Washington, D.C., March 20 – 4,679 Tennesseans with disabilities entered the workforce last year, part of a national trend of jobs gained among people with disabilities. Tennessee now ranks 44th in the nation based on the employment rate for people with disabilities. Out of the 538,061 working-age (18-64) Tennessee natives with disabilities, 179,049 have jobs. According to the newly published 2018 Annual Disability Statistics Compendium, Tennessee has an employment rate of 33.3 percent for people with disabilities. Further analysis by the nonpartisan advocacy group RespectAbility shows that Tennessee’s disability employment rate has steadily increased over the past three years.
Newly elected Gov. Bill Lee has shown an early interest in supporting the disability community in the Volunteer State. One of the first public proclamations released by the Governor’s office was to mark March as “Developmental Disabilities Awareness Month.” In the proclamation, Gov. Lee wrote, “all Tennesseans have valuable strengths, infinite capacity to learn and make decisions, and the capability to make important contributions to their communities” and affirmed his commitment to ensure that Tennesseans with disabilities “to achieve personal success through education, meaningful work, and family and community ties.”

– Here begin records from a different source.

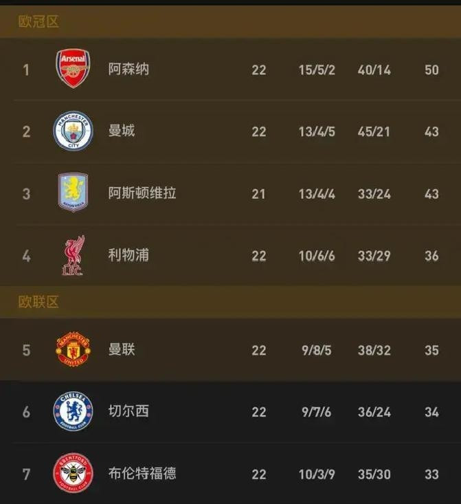 跟着曼联打败曼城,英超欧冠经验争夺也基本轩敞。现在积分榜上,阿森纳50分领跑,曼城43分第二,维拉同分第三且少赛一场,这三支球队积分上风权贵,唯有不出现顶点崩盘,欧冠经验基本稳了。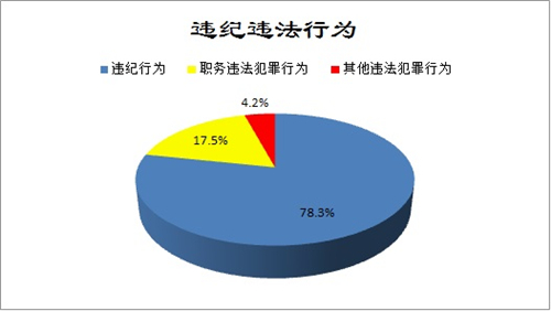 在检举控告类信访举报件中,违纪行为130件,占78.3%;职务违法犯罪行为29件,占17.5%;其他违法犯罪行为7件,占4.2%。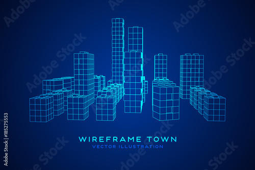 Mesh low poly wireframe cubes array like skyscraper city. Connected lines town. Connection Box Structure. Digital Data Visualization Concept. Vector Illustration.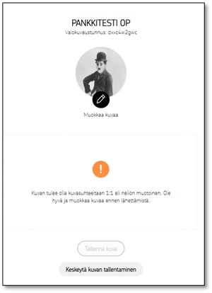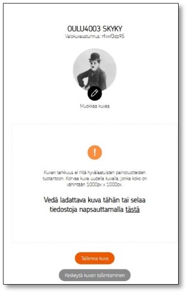 Kuvan hakemisen jälkeen kuvaa voi muokata sovelluksen muokkausominaisuuksilla. Jos kuva ei täytä teknisiä vaatimuksia, järjestelmä ei salli kuvan tallentamista. Tällöin ruudulla näkyy oranssi huutomerkki.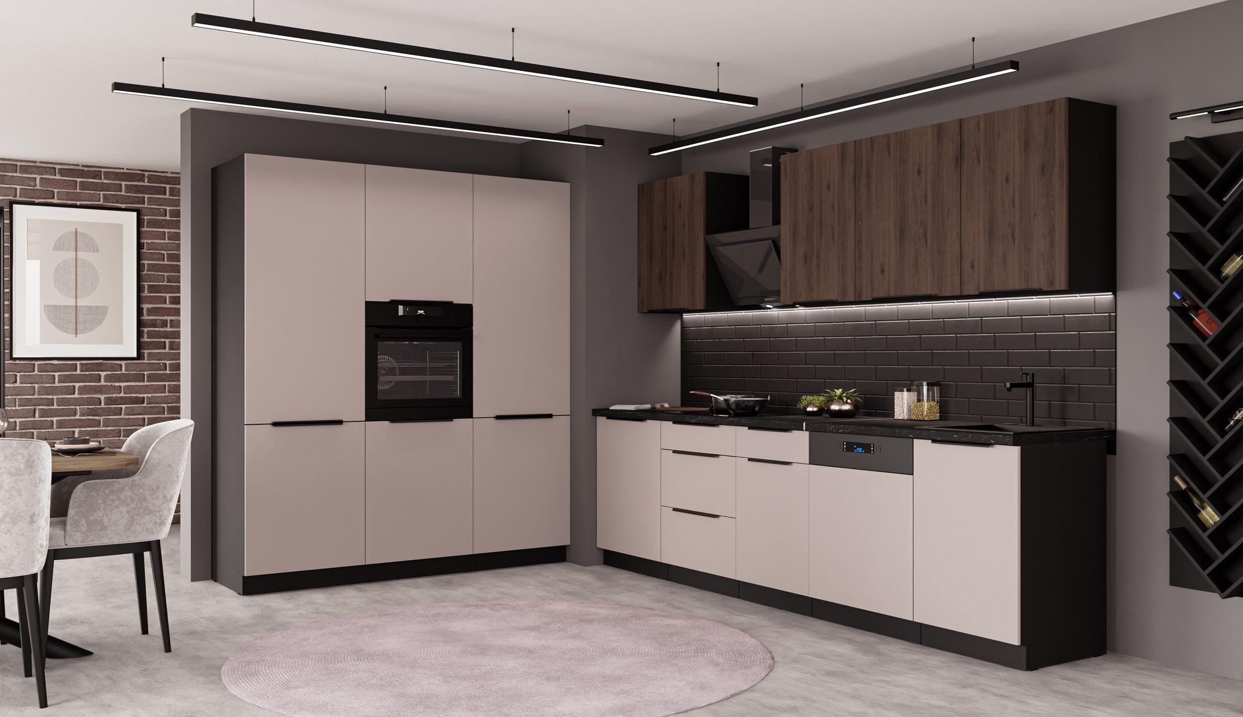Die vielseitige Küche ARONA + MONZA im modernen Mix aus den neuen Trendfarben Kaschmir beige matt + Okapi Nußbaum und schwarz matt, ist ein wahres Kombinations- und Stauraumwunder, in dem alle ihre Küchenutensilien Platz finden. Das edle Design und die gute Verarbeitung tun ein Übriges, um aus ihrer Küche eine Wohlfühloase zu machen. Все Türscharniere und Schubladen sind mit hochwertigen Dämpfern, für leises Спрятать der Fronten ausgestattet.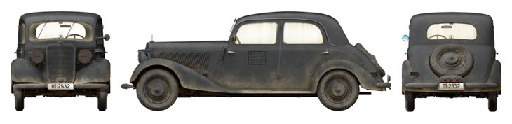 Mercedes –Benz 170V (W136) produkowany był w zakładach Mecedesa w Stuttgarcie w latach 1936 -1942 (prawie 75000 egzemplarzy) i potem w latach 1946 -1955 (około 140000 egzemplarzy, z czego 34000 z silnikiem wysokoprężnym). Był to 5–osobowy samochód produkowany w 11 wersjach, w tym typy sedan lub kabriolet, limuzyna 2 - i 4 -drzwiowa. Był pierwszym samochodem osobowym z silnikiem Diesla produkowanym po wojnie. Napęd na tylne koła: różne silniki zależnie od wersji o mocy od 38 KM do 50 KM, szybkość: 110 km/h. Model 170V okazał się wielkim sukcesem marketingowym, zyskiwał wysokie oceny użytkowników. Po II wojnie światowej produkcja samochodów 170V przyczyniła się do cudu gospodarczego w RFN. W roku 1955 samochód 170V zastąpiony został nowocześniejszym 170S. W Polsce w latach 50 -60 –tych posiadanie samochodu Mercedes 170V zwłaszcza Diesla „ropniaka” wywoływało zazdrość i podziw otoczenia. Posiadaczami tych samochodów bywali aferzyści i tzw. „prywatna inicjatywa” -właściciele nielicznych w tym czasie prywatnych biznesów oraz tzw. „badylarze” –właściciele prosperujących gospodarstw ogrodniczych.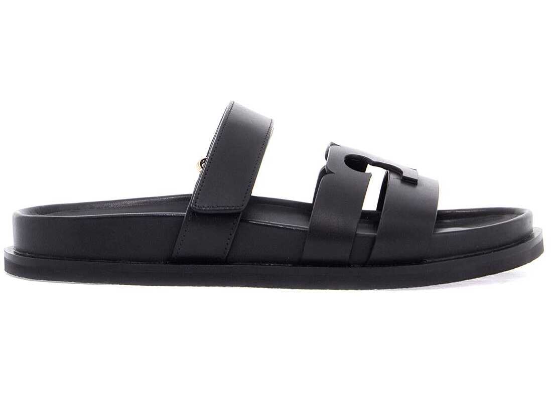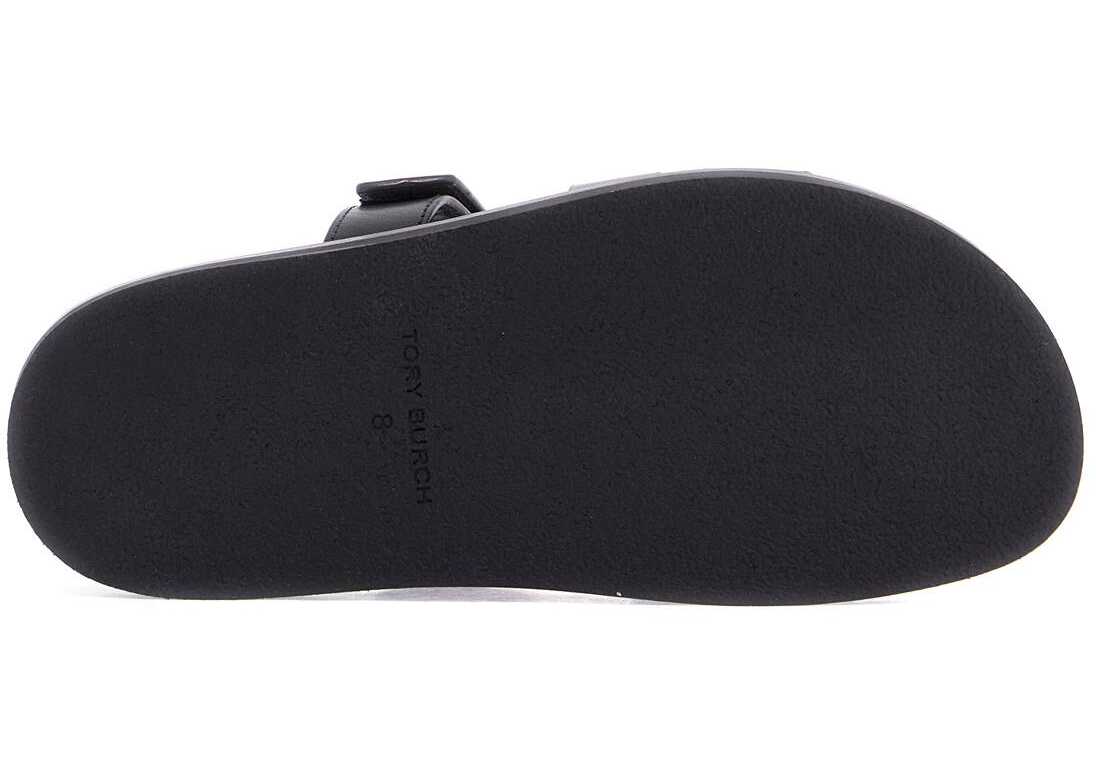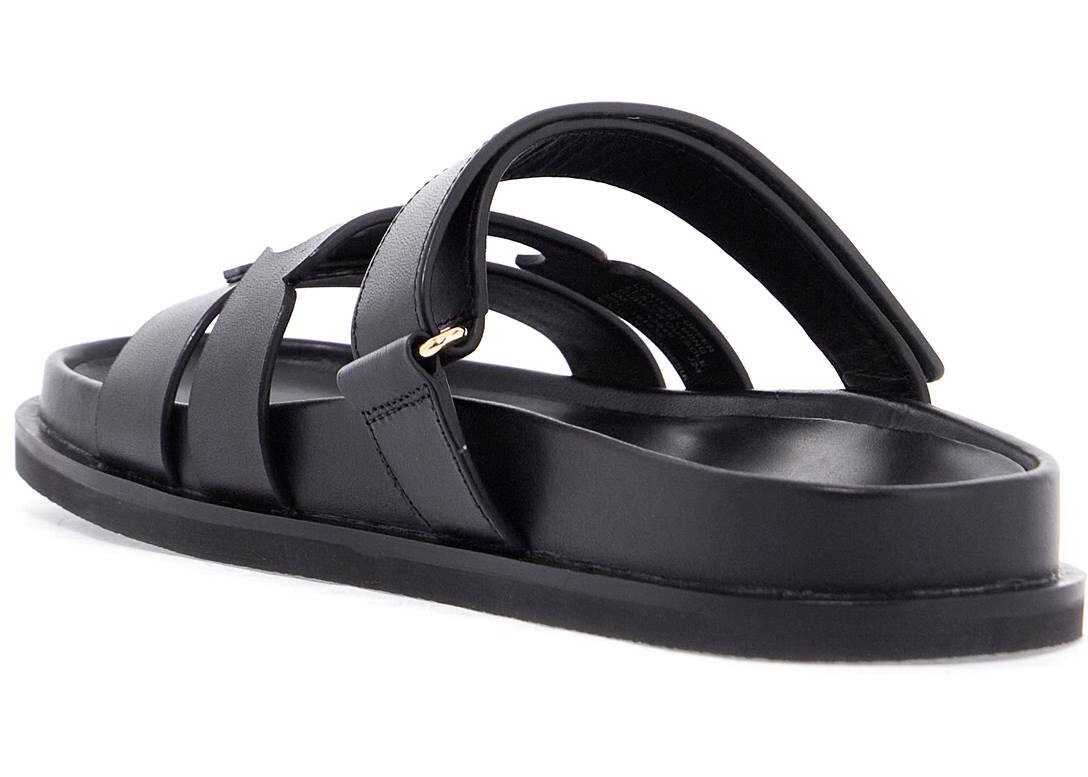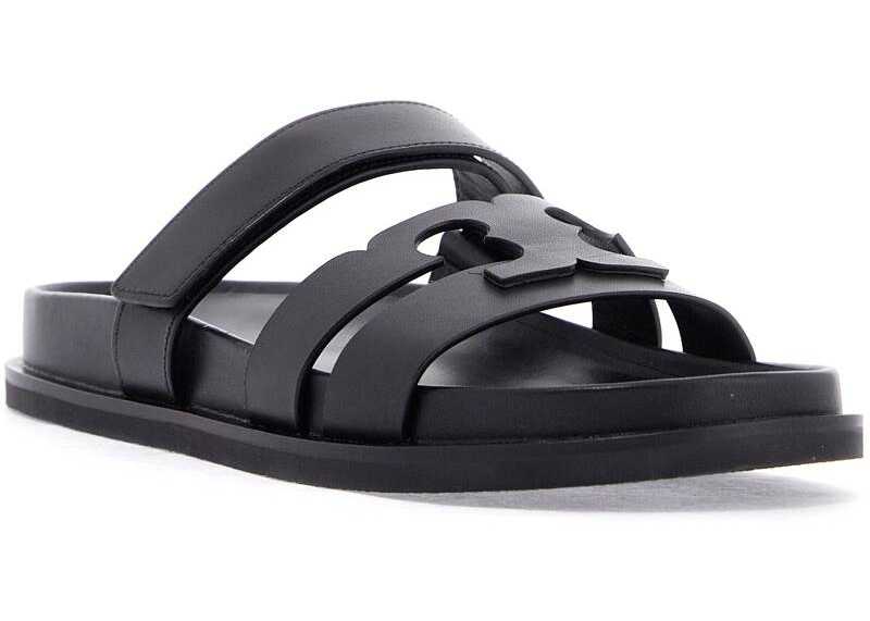 The Ines Sport slides by Tory Burch are made of smooth leather with straps that mimic the iconic double T shape. A velcro strap secures the foot, while the anatomical leather insole provides supreme comfort. The rubber sole adds durability and traction.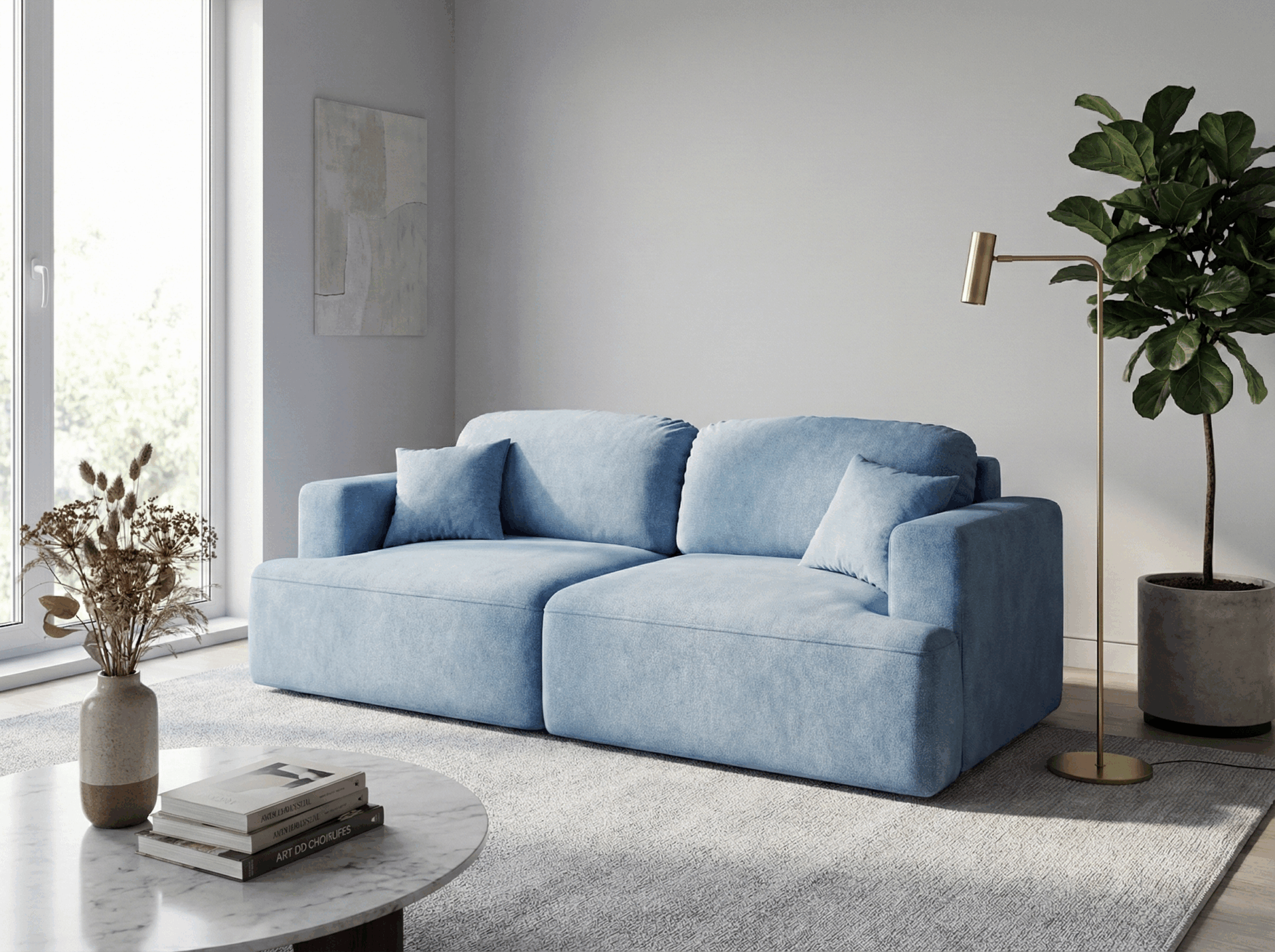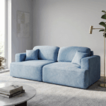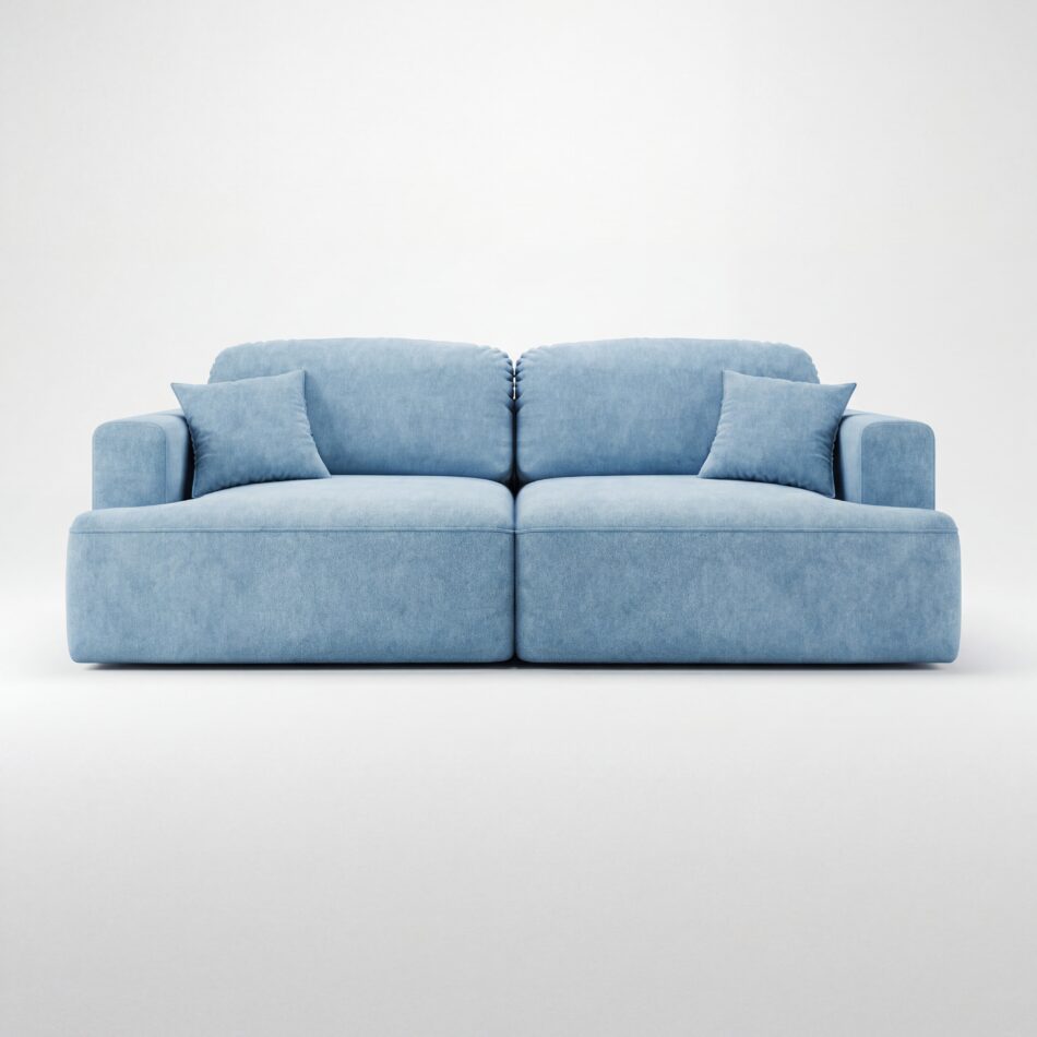 Obicie kanapy wykonano z tkaniny Cloud – przyjemnego w dotyku weluru, który wyróżnia się eleganckim, matowym wykończeniem i subtelną melanżową barwą. To materiał nie tylko piękny, ale również praktyczny – łatwoczyszczący, hydrofobowy oraz odporny na ścieranie, dzięki czemu kanapa długo zachowuje swój atrakcyjny wygląd.

Crucial to Tennessee’s efforts to expand employment opportunities for people with disabilities is the Tennessee Council on Developmental Disabilities. The Council, which helps to advocate for inclusive policies and coordinates advocacy activities, has received national recognition for their efforts. Likewise, the Council has closely coordinated with the state’s Department of Labor and Workforce Development to services and expand employment. In 2017, the Labor and Workforce Development Commissioner Burns Phillips wrote, “Tennesseans with disabilities have been underrepresented in the workforce, but they have real job skills and positive attributes to offer to employers.” He went on to add, “Tennessee is more focused than ever before on preparing students with disabilities leaving high school with the work experience and soft skills employers look for in potential employees.”
“Our nation was founded on the principle that anyone who works hard should be able to get ahead in life,” said Hon. Steve Bartlett, current Chairman of Respectability, who co-authored the Americans with Disabilities Act when he was in Congress. “People with disabilities deserve the opportunity to earn an income and achieve independence, just like anyone else.”
A National Issue
Beyond Tennessee, how is the workforce changing for people with disabilities? What is driving these changes? The answer is simple. According to Vincenzo Piscopo of the Coca-Cola Company: “People with disabilities bring a unique skill set that is very valuable for companies.” He went on to add, “As it relates to employment and competitiveness in the workplace, we have to stop thinking of disability as a liability and start thinking of it as an asset.”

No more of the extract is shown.